TASK INPUT section start

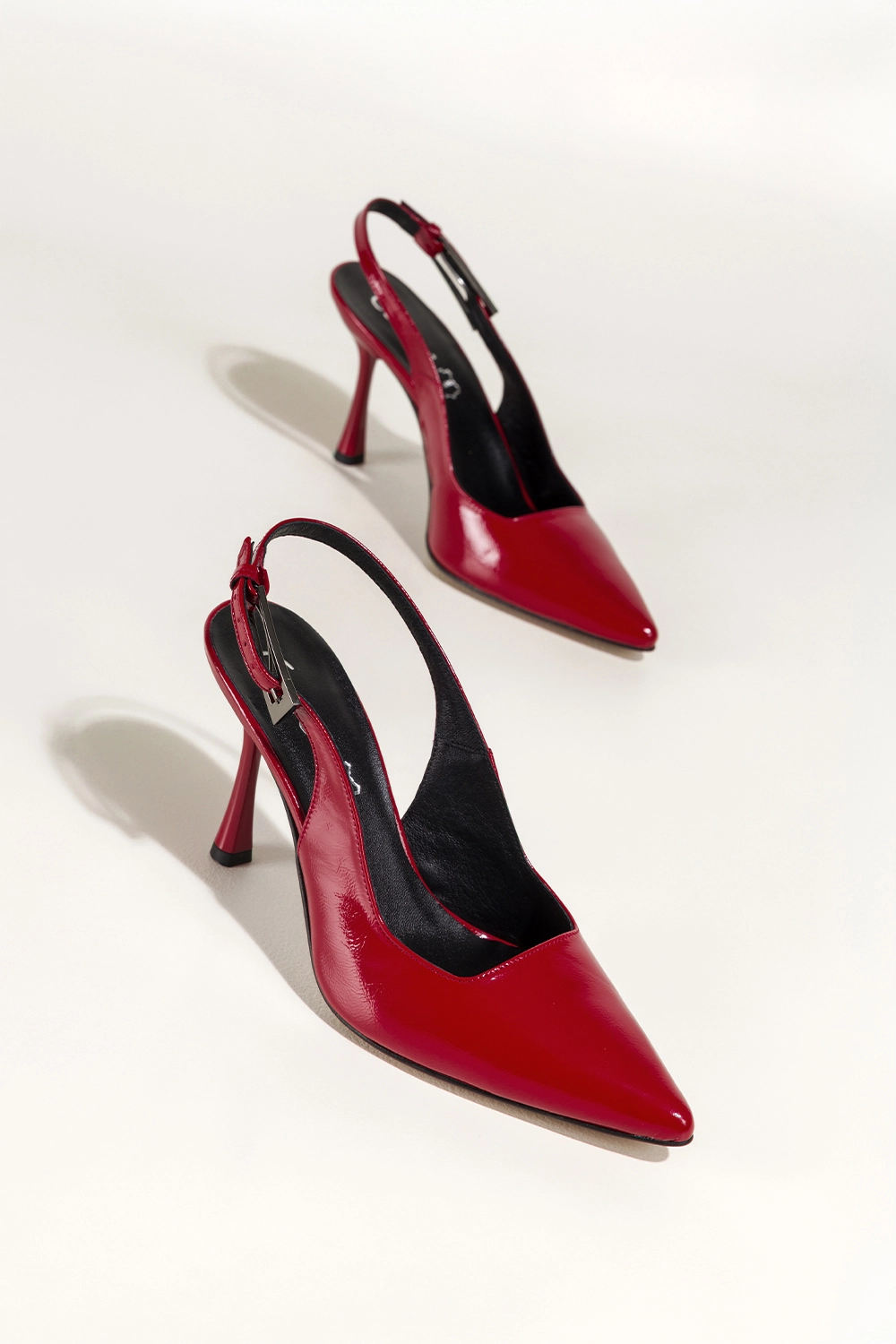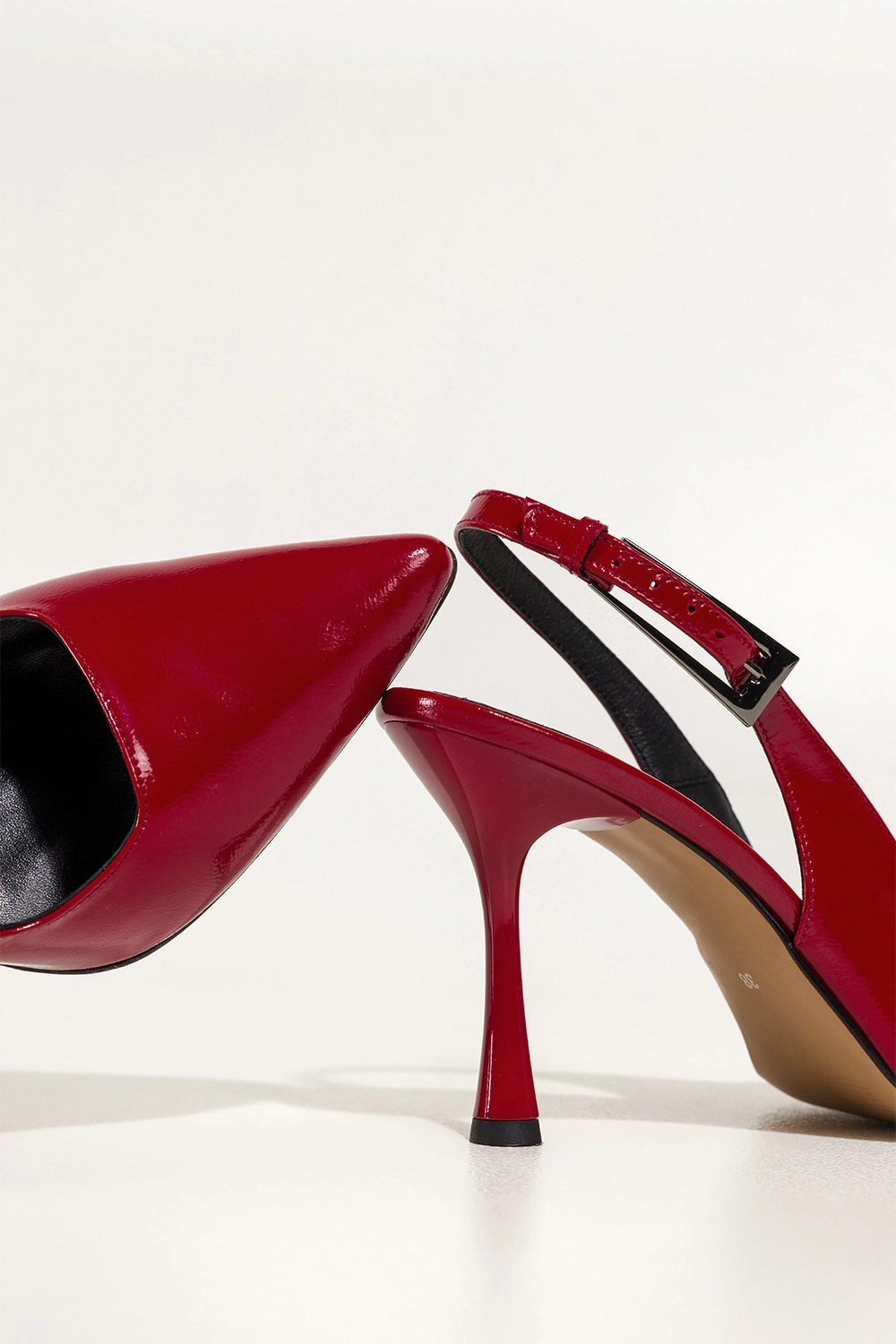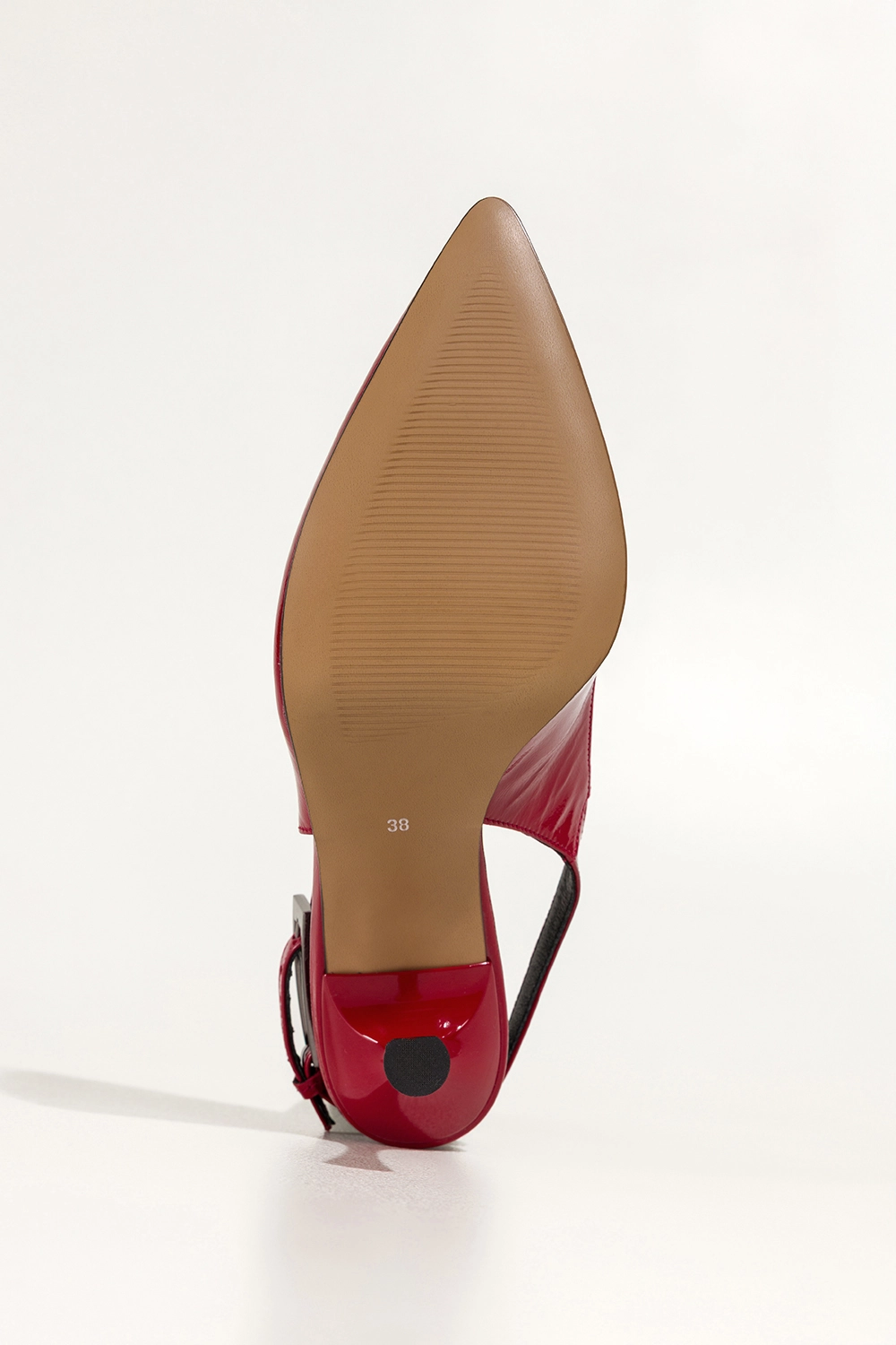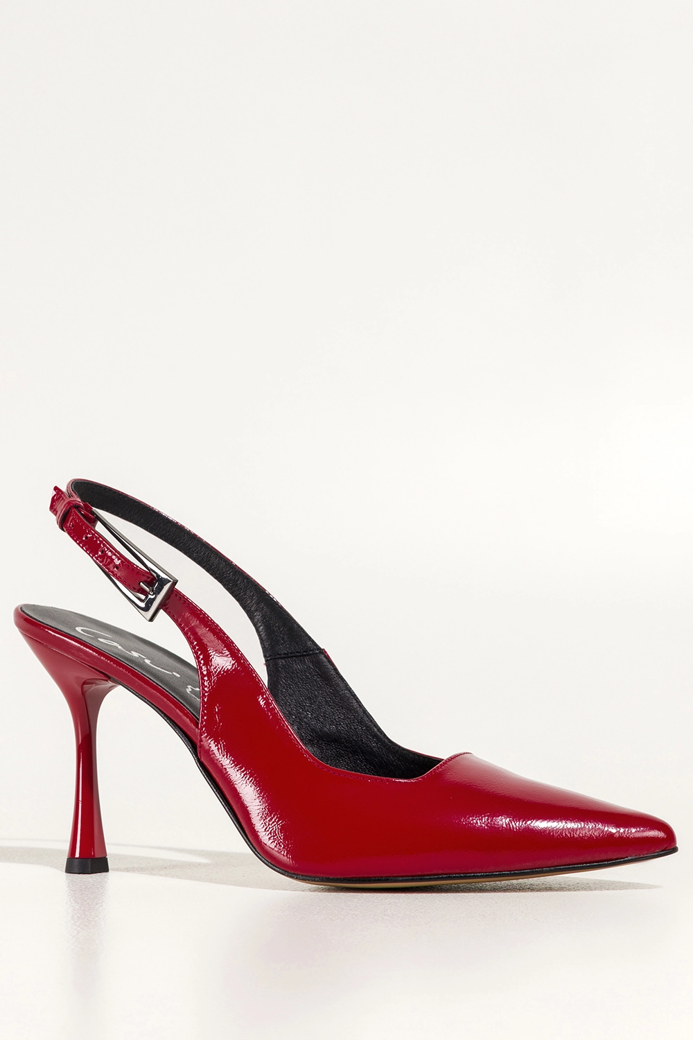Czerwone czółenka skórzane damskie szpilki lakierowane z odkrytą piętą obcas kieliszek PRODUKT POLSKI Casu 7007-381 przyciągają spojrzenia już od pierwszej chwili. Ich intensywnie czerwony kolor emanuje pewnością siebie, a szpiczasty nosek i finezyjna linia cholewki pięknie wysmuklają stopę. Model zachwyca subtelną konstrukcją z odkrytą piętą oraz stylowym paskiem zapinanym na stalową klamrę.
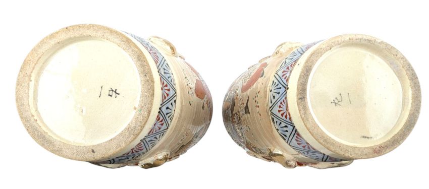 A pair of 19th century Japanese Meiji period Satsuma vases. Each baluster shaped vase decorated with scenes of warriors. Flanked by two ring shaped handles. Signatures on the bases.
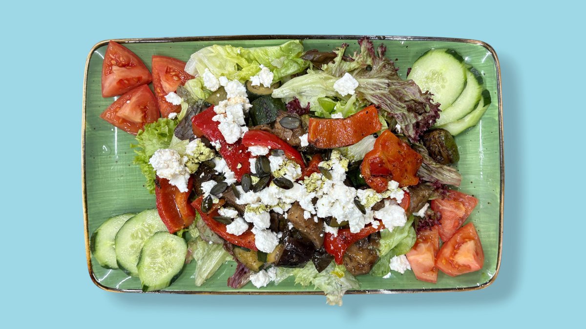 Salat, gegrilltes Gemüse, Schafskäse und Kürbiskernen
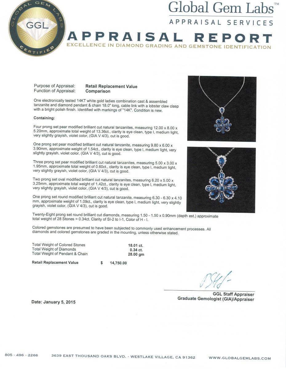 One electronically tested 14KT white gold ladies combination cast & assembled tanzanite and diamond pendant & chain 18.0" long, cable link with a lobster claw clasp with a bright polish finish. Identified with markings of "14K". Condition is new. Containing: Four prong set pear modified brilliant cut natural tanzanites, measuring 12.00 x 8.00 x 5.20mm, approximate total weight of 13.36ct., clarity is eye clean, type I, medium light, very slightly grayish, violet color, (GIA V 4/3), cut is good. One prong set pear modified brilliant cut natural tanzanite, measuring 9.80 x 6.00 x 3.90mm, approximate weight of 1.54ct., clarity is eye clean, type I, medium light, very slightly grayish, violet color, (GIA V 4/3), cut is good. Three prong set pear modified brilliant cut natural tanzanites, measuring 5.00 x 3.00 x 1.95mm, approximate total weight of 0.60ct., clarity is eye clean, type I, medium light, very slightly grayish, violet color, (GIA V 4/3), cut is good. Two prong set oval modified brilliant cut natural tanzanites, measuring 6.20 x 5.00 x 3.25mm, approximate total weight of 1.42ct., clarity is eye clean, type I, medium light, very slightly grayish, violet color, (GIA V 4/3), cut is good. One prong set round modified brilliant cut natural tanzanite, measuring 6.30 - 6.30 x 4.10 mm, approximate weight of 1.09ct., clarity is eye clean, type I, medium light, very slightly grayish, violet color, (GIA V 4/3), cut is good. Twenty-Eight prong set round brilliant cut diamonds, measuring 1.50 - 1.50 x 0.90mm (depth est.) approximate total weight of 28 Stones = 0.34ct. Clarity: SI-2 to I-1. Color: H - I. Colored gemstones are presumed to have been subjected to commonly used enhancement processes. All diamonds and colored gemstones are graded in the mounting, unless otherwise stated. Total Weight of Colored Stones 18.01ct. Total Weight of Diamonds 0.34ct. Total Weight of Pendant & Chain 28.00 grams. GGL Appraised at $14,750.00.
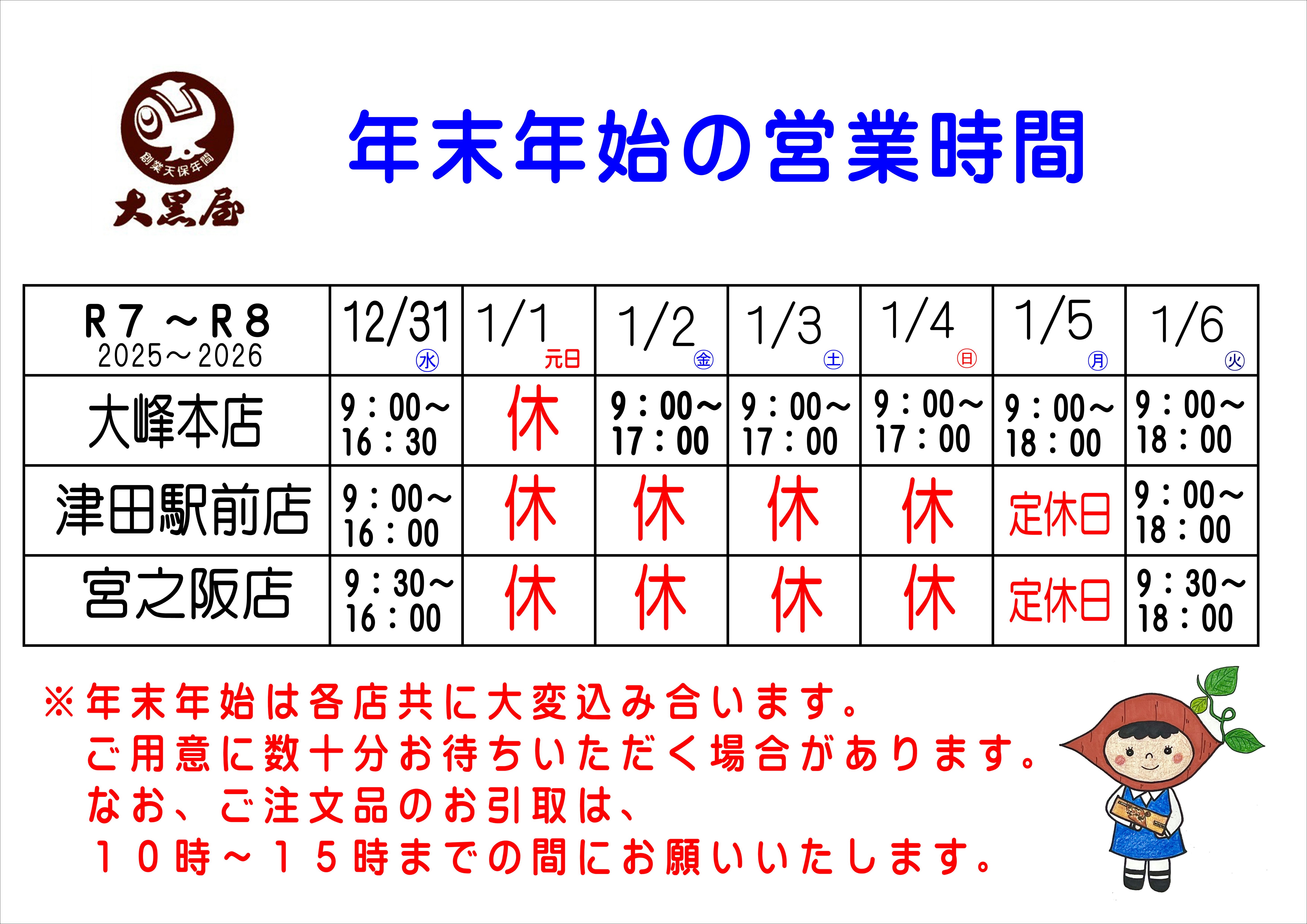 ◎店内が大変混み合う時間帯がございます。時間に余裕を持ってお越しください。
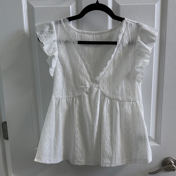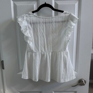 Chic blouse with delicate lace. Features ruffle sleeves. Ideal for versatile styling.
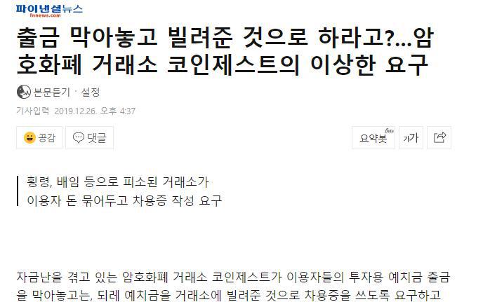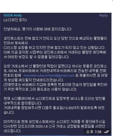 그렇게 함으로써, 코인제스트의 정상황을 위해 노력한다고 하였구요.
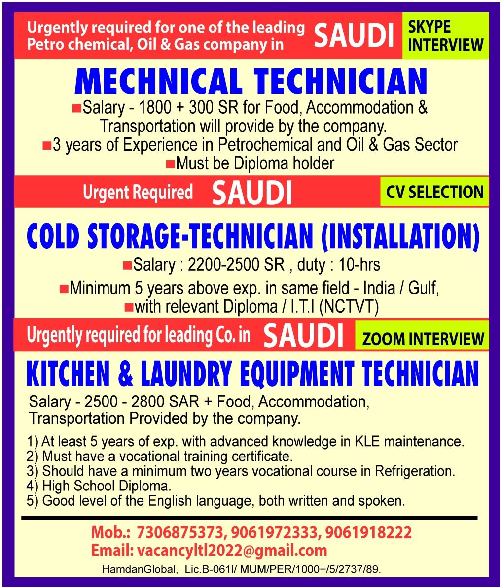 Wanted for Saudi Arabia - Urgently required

TASK INPUT section end

Please print each entry exactly as it stands, without the pictures.

Czerwone czółenka skórzane damskie szpilki lakierowane z odkrytą piętą obcas kieliszek PRODUKT POLSKI Casu 7007-381 przyciągają spojrzenia już od pierwszej chwili. Ich intensywnie czerwony kolor emanuje pewnością siebie, a szpiczasty nosek i finezyjna linia cholewki pięknie wysmuklają stopę. Model zachwyca subtelną konstrukcją z odkrytą piętą oraz stylowym paskiem zapinanym na stalową klamrę.
 A pair of 19th century Japanese Meiji period Satsuma vases. Each baluster shaped vase decorated with scenes of warriors. Flanked by two ring shaped handles. Signatures on the bases.
 Salat, gegrilltes Gemüse, Schafskäse und Kürbiskernen
 One electronically tested 14KT white gold ladies combination cast & assembled tanzanite and diamond pendant & chain 18.0" long, cable link with a lobster claw clasp with a bright polish finish. Identified with markings of "14K". Condition is new. Containing: Four prong set pear modified brilliant cut natural tanzanites, measuring 12.00 x 8.00 x 5.20mm, approximate total weight of 13.36ct., clarity is eye clean, type I, medium light, very slightly grayish, violet color, (GIA V 4/3), cut is good. One prong set pear modified brilliant cut natural tanzanite, measuring 9.80 x 6.00 x 3.90mm, approximate weight of 1.54ct., clarity is eye clean, type I, medium light, very slightly grayish, violet color, (GIA V 4/3), cut is good. Three prong set pear modified brilliant cut natural tanzanites, measuring 5.00 x 3.00 x 1.95mm, approximate total weight of 0.60ct., clarity is eye clean, type I, medium light, very slightly grayish, violet color, (GIA V 4/3), cut is good. Two prong set oval modified brilliant cut natural tanzanites, measuring 6.20 x 5.00 x 3.25mm, approximate total weight of 1.42ct., clarity is eye clean, type I, medium light, very slightly grayish, violet color, (GIA V 4/3), cut is good. One prong set round modified brilliant cut natural tanzanite, measuring 6.30 - 6.30 x 4.10 mm, approximate weight of 1.09ct., clarity is eye clean, type I, medium light, very slightly grayish, violet color, (GIA V 4/3), cut is good. Twenty-Eight prong set round brilliant cut diamonds, measuring 1.50 - 1.50 x 0.90mm (depth est.) approximate total weight of 28 Stones = 0.34ct. Clarity: SI-2 to I-1. Color: H - I. Colored gemstones are presumed to have been subjected to commonly used enhancement processes. All diamonds and colored gemstones are graded in the mounting, unless otherwise stated. Total Weight of Colored Stones 18.01ct. Total Weight of Diamonds 0.34ct. Total Weight of Pendant & Chain 28.00 grams. GGL Appraised at $14,750.00.
 ◎店内が大変混み合う時間帯がございます。時間に余裕を持ってお越しください。
 Chic blouse with delicate lace. Features ruffle sleeves. Ideal for versatile styling.
 그렇게 함으로써, 코인제스트의 정상황을 위해 노력한다고 하였구요.
 Wanted for Saudi Arabia - Urgently required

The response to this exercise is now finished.